Litkowski, et al.       Expires 18 September 2024               [Page 3]
Internet-Draft                 state-sync                     March 2024

   dependency between the paths), there may be some cases where the
   computation of all paths in the group is not handled by the same PCE:
   this situation is called a split-brain.  This split-brain scenario
   may lead to computation loops between PCEs or suboptimal path
   computation.

   In the scope of this document, the term 'computation loop' is used to
   describe a behaviour of PCEP message exchange looping between PCC and
   PCE or between PCEs, resulting in frequent path calculations, path
   reporting and path updates to the network resulting in constant load
   on the PCE and oscillation of data plane traffic after each
   subsequent path update.

   This document describes the procedures to allow a stateful
   communication between PCEs for various use-cases and also the
   procedures to prevent computations loops.
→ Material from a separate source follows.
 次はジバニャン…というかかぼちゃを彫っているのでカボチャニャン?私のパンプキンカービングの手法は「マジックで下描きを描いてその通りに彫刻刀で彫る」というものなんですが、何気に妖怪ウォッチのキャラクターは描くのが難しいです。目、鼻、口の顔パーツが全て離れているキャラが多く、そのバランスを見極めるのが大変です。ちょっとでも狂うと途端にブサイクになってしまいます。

   Further, the examples in this section are for illustrative purpose to
   showcase the need for inter-PCE stateful PCEP sessions.

1.1.  Requirements Language

   The key words "MUST", "MUST NOT", "REQUIRED", "SHALL", "SHALL NOT",
   "SHOULD", "SHOULD NOT", "RECOMMENDED", "NOT RECOMMENDED", "MAY", and
   "OPTIONAL" in this document are to be interpreted as described in BCP
   14 [RFC2119] [RFC8174] when, and only when, they appear in all
   capitals, as shown here.

1.2.  Reporting LSP Changes

   When using a stateful PCE ([RFC8231]), a PCC can synchronize an LSP
   state information to the stateful PCE.  If the PCC grants the control
   of the LSP to the PCE (called delegation [RFC8231]), the PCE can
   update the LSP parameters at any time.
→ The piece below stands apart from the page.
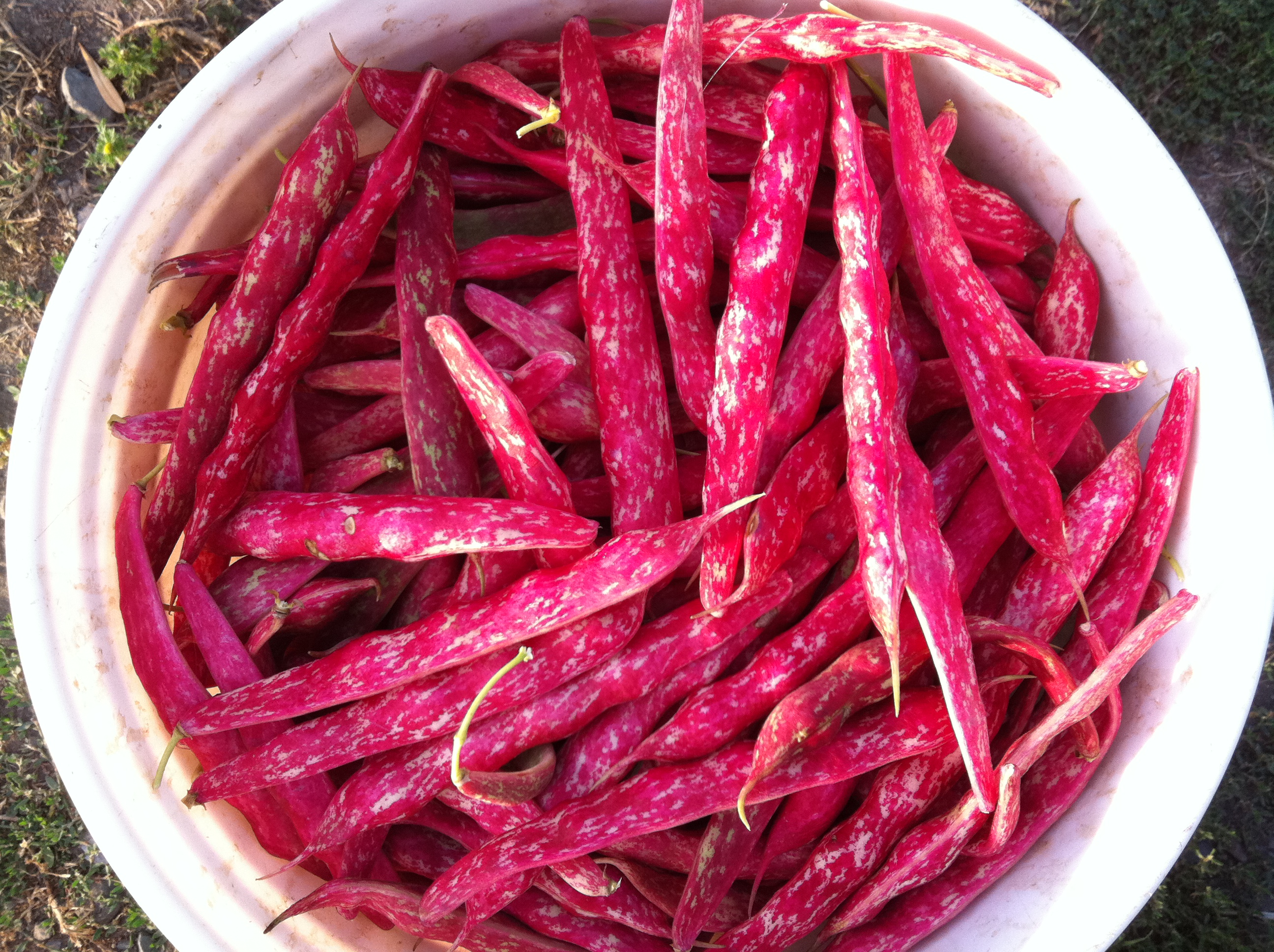This variety is from Italy, "Stregonta". It means "sorceress". It was supposed to be a pole strain, and we were saving seed, but it turned out to be a bush variety and they are done WAY early. They are pretty and delicious, nonetheless.

   In a multi PCE deployment (redundancy, loadbalancing...), with the
   current specification defined in [RFC8231], when a PCE makes an
   update, it is the PCC that is in charge of reporting the LSP status
   to all PCEs with LSP parameter change which brings additional hops
   and delays in notifying the overall network of the LSP parameter
   change.

   This delay may affect the reaction time of the other PCEs if they
   need to take action after being notified of the LSP parameter change.
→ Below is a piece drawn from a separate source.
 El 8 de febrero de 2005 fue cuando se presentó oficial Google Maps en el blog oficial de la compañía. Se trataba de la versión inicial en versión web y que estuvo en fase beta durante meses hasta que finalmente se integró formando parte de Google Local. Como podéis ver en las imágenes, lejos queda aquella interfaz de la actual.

Litkowski, et al.       Expires 18 September 2024               [Page 4]
Internet-Draft                 state-sync                     March 2024

   Apart from the synchronization from the PCC, it is also useful if
   there is a synchronization mechanism between the stateful PCEs.  As
   stateful PCE make changes to its delegated LSPs, these changes
   (pending LSPs and the sticky resources [RFC7399]) can be synchronized
   immediately to the other PCEs.

             +----------+
             |   PCC1   |  LSP1
             +----------+
                /    \
               /      \
      +---------+    +---------+
      |  PCE1   |    |  PCE2   |
      +---------+    +---------+
              \       /
               \     /
             +----------+
             |   PCC2   |  LSP2
             +----------+

   In the figure above, we consider a load-balanced PCE architecture, so
   PCE1 is responsible to compute paths for PCC1 and PCE2 is responsible
   to compute paths for PCC2.  When PCE1 triggers an LSP update for
   LSP1, it sends a PCUpd message to PCC1 containing the new parameters
   for LSP1.  PCC1 will take the parameters into account and will send a
   PCRpt message to PCE1 and PCE2 reflecting the changes.  PCE2 will so
   be notified of the change only after receiving the PCRpt message from
   PCC1.

   Let's consider that the LSP1 parameters changed in such a way that
   LSP1 will take over resources from LSP2 with a higher priority.
   After receiving the report from PCC1, PCE2 will therefore try to find
   a new path for LSP2.  If we consider that there is a round trip delay
   of about 150 milliseconds (ms) between the PCEs and PCC1 and a round
   trip delay of 10 ms between the two PCEs if will take more than 150
   ms for PCE2 to be notified of the change.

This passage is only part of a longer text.